По-разному отвечали подследственные на такие вопросы. Кто пытался уйти в глухую несознанку. Кто начинал вилять, доказывая, что вовсе не имел в виду нанести ущерб любимой советской власти. Аркадий отвечает ясно и определённо:
— Да, признаю.
— С тех пор вы изменили свои антисоветские взгляды и убеждения? — следует новый вопрос. Это, в сущности, спасательный круг, кинутый утопающему. Ну как не ухватиться за него, не ответить: «Да, конечно… Это старые, давно преодоленные мною заблуждения… Сейчас я уже думаю иначе…»
Аркадий отвечает:
— Нет, не изменил.
И вот я, давно уже давший себе зарок никогда и ничему больше в жизни не удивляться, читаю эти его ответы, за которые ему и намотали там, в лагере, новый — двадцатипятилетний — срок, и не могу понять: откуда в этом хрупком, дышащем на ладан, изнеженном, жеманном человеке, — откуда в нем эта упорная, яростная, непобедимая сила сопротивления, эта способность не сломаться, даже не согнуться под страшным давлением чудовищной репрессивной машины, ломавшей и сгибавшей и не таких, как он?
И нет у меня на этот вопрос иного ответа, чем тот, который я столько раз — по разным поводам — слышал из его собственных уст:
— Голубчик! Это же Россия!
ТОЛЬКО СНЕГ
Только снег
Было это, если не ошибаюсь, году в 58-м или 59-м — в Ялте. Дело было зимой, и в ялтинском Доме творчества — во всем этом довольно поместительном доме — жили всего-навсего шесть человек. И вот сидели мы как-то на набережной, болтали о каких-то пустяках. И кто-то из нас вдруг возьми да и брякни:
— А ведь именно отсюда в двадцатом году драпали врангелевцы. Представляете себе, что тут тогда творилось?

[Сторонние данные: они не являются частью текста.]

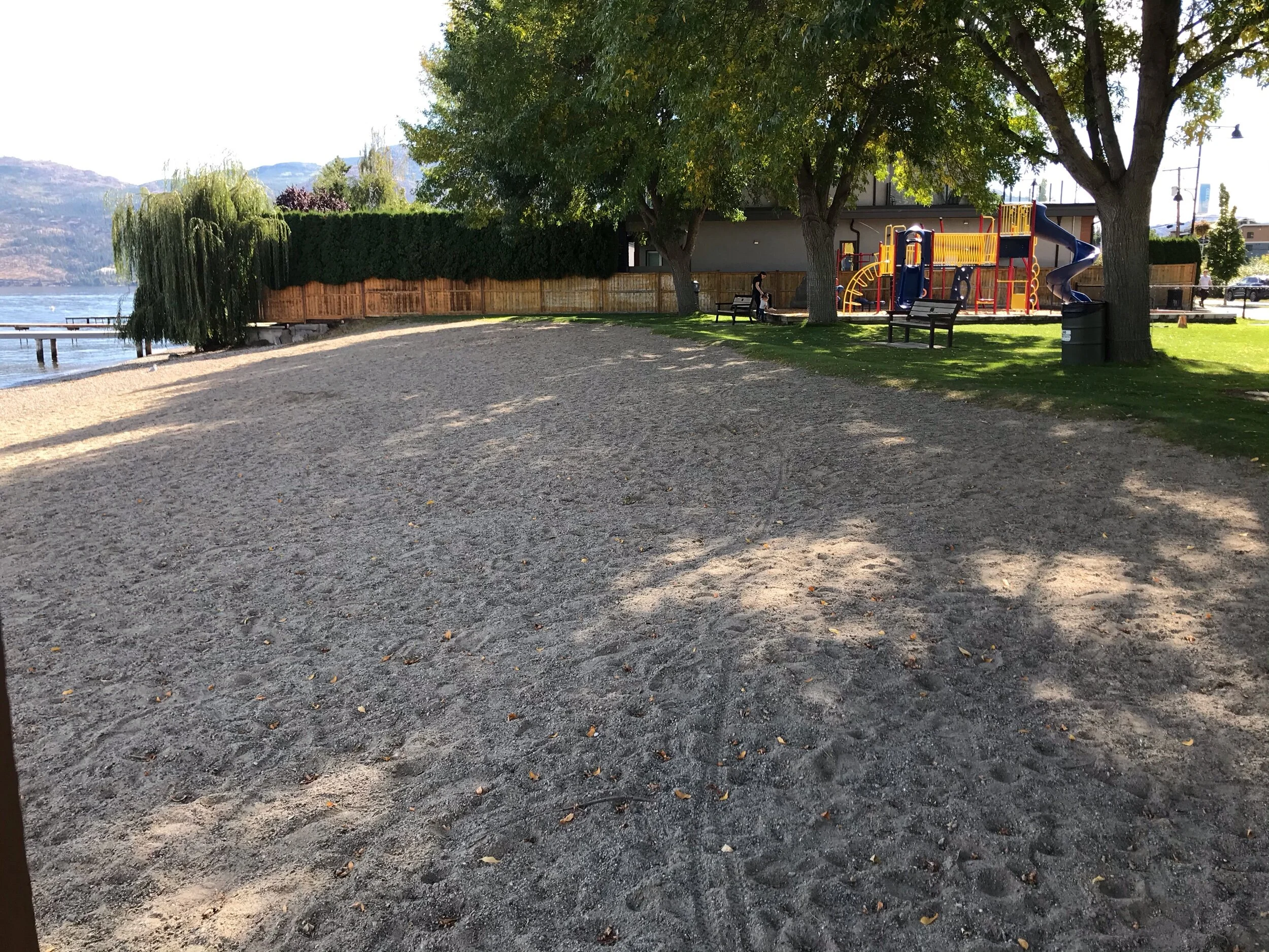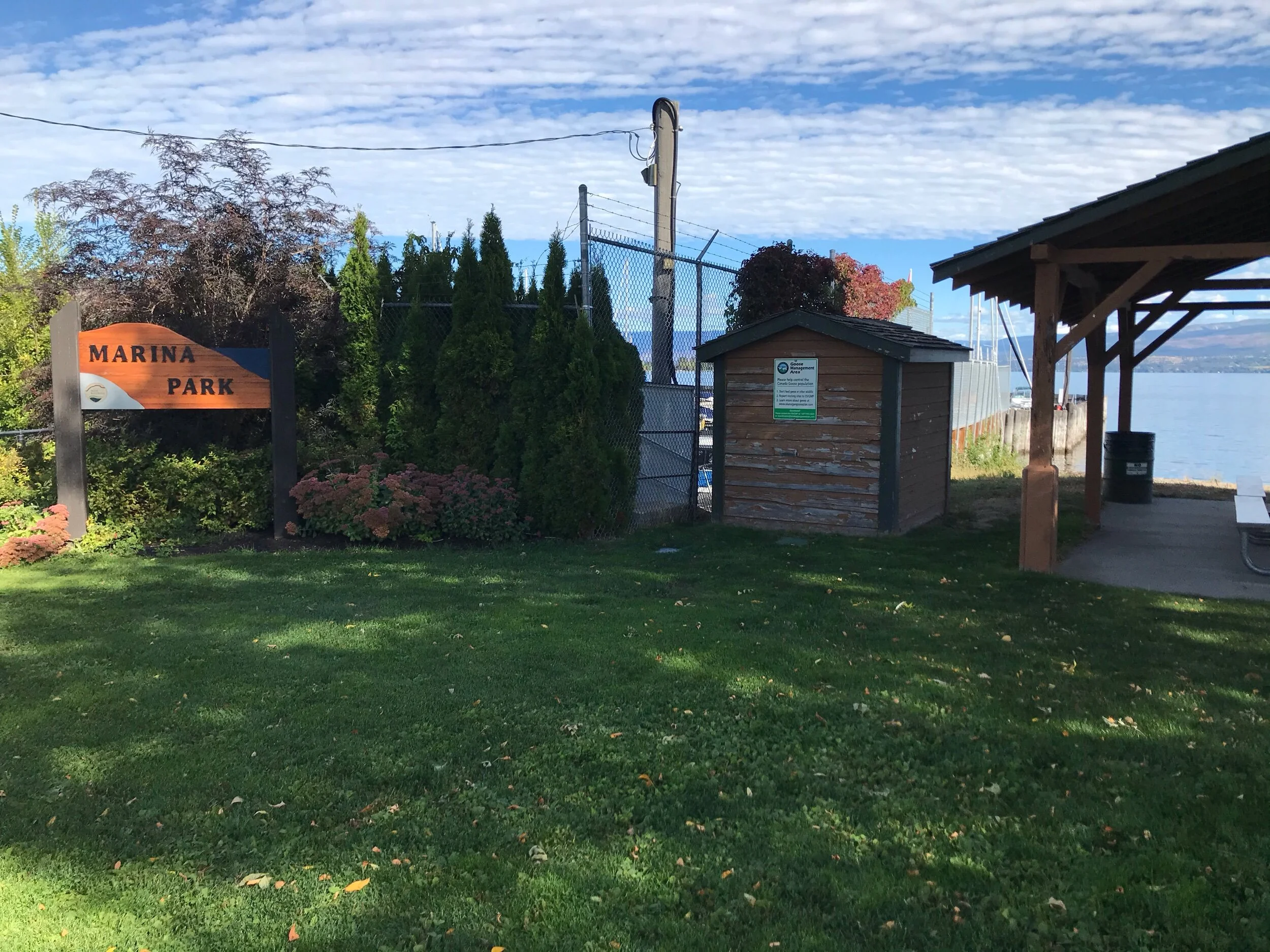 Marina Park is part of the Gellatly Bay area in the city of West Kelowna, British Columbia. The park is situated on the shores of the popular vacation destination known as Okanagan Lake. It features a nice sandy beach, covered picnic tables, a grassy play area, washrooms, and an excellent playground for the kids.

И тут раздался спокойный голос:
— Вы ошибаетесь. Войска барона Врангеля не драпали. Мы отступили в полном боевом порядке.
Так я познакомился с Игорем Александровичем Кривошеиным.
Был он сыном Александра Васильевича Кривошеина, — того самого, ближайшего сподвижника Столыпина по аграрной реформе, до революции — члена Государственного Совета, а в 20-м — председателем правительства Юга России (официальное наименование его тогдашней должности было такое: Председатель Совета при Главнокомандующем Вооруженных Сил Юга России).
О том как эвакуировались из Крыма войска барона Врангеля, Игорь Александрович знал не по рассказам отца: он и сам был тогда уже не свидетелем, а активным участником происходящих событий. Если не ошибаюсь — штабс-капитаном.
Оказавшись в Париже, он окончил Сорбонну, стал инженером-энергетиком. Во время войны участвовал в Сопротивлении. Близко знал мать Марию, Вики Оболенскую, других русских героев французского Сопротивления: их фотографии он показывал мне, когда про этих замечательных женщин у нас еще никто и не слыхивал.
После войны Игорь Александрович взял советский паспорт и вернулся домой. Дома его, естественно, посадили. Сидел он в разных местах, одно время был даже на той самой шарашке, которую описал Солженицын.